Valuable information, on the other hand, allows information to be displayed in front of users who are interested in it, so as to achieve a win-win situation for information consumers and information producers .

 

To solve the problem of information overload, the representative solutions are catalogs and search engines. Like search engines, recommender systems are tools that help users discover useful information quickly. Unlike search engines, recommender systems do not require users to provide explicit needs, but model users’ interests by analyzing users’ historical behaviors, so as to proactively recommend information to users that can meet their interests and needs.

Therefore, in a sense, recommender systems and search engines are two complementary tools for users.
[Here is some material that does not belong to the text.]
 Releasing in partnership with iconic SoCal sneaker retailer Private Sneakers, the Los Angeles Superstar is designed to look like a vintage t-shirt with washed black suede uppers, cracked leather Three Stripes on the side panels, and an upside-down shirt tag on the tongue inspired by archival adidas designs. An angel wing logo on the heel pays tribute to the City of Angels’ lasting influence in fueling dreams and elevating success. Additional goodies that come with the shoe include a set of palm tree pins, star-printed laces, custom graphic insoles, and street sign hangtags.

Search engines meet the active search needs of users when they have a clear purpose, and recommender systems can help users discover new content of interest when they have no clear purpose.

 

From the point of view of items, recommender systems can better exploit the long tail of items . Chris Anderson , editor-in-chief of Wired magazine , published the article " The Long Tail " in 2004 and the book "The Long Tail Theory" in 2006 . The book pointed out that the traditional 80/20 principle ( 80% of sales from 20% of popular brands) will be challenged with the addition of the Internet. Under Internet conditions, e-commerce sites can often sell more products than traditional retail stores due to extremely low shelf costs. Although the vast majority of these items are not popular, the number of these less popular items is extremely large compared to traditional retail, so the total sales of these long-tail items will be a significant number, perhaps surpassing the popular items (i.e. mainstream merchandise). Mainstream products often represent the needs of the vast majority of users, while long-tail products often represent the personalized needs of a small number of users.

Therefore, if you want to increase sales by exploring the long tail, you must fully study the interests of users, and this is the problem that personalized recommendation systems mainly solve. The recommendation system finds the user's personalized needs by exploring the user's behavior, so as to accurately recommend the long-tail products to the users who need it, and help the users to find those products that they are interested in but difficult to find.
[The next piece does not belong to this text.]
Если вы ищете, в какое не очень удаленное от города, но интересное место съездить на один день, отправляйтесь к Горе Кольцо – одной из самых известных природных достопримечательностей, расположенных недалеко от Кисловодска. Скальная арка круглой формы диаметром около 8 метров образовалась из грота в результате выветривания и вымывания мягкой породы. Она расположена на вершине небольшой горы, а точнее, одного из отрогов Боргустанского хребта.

How recommender systems work

Consult with friends : This method is called social recommendation in the recommendation system , that is, asking friends to recommend items to themselves.

The recommendation system can automate the above process, find the actors and directors that the user likes by analyzing the movies that the user has watched, and then recommend other movies of these actors or directors to the user. This recommendation method is called content -based filtering in recommendation systems.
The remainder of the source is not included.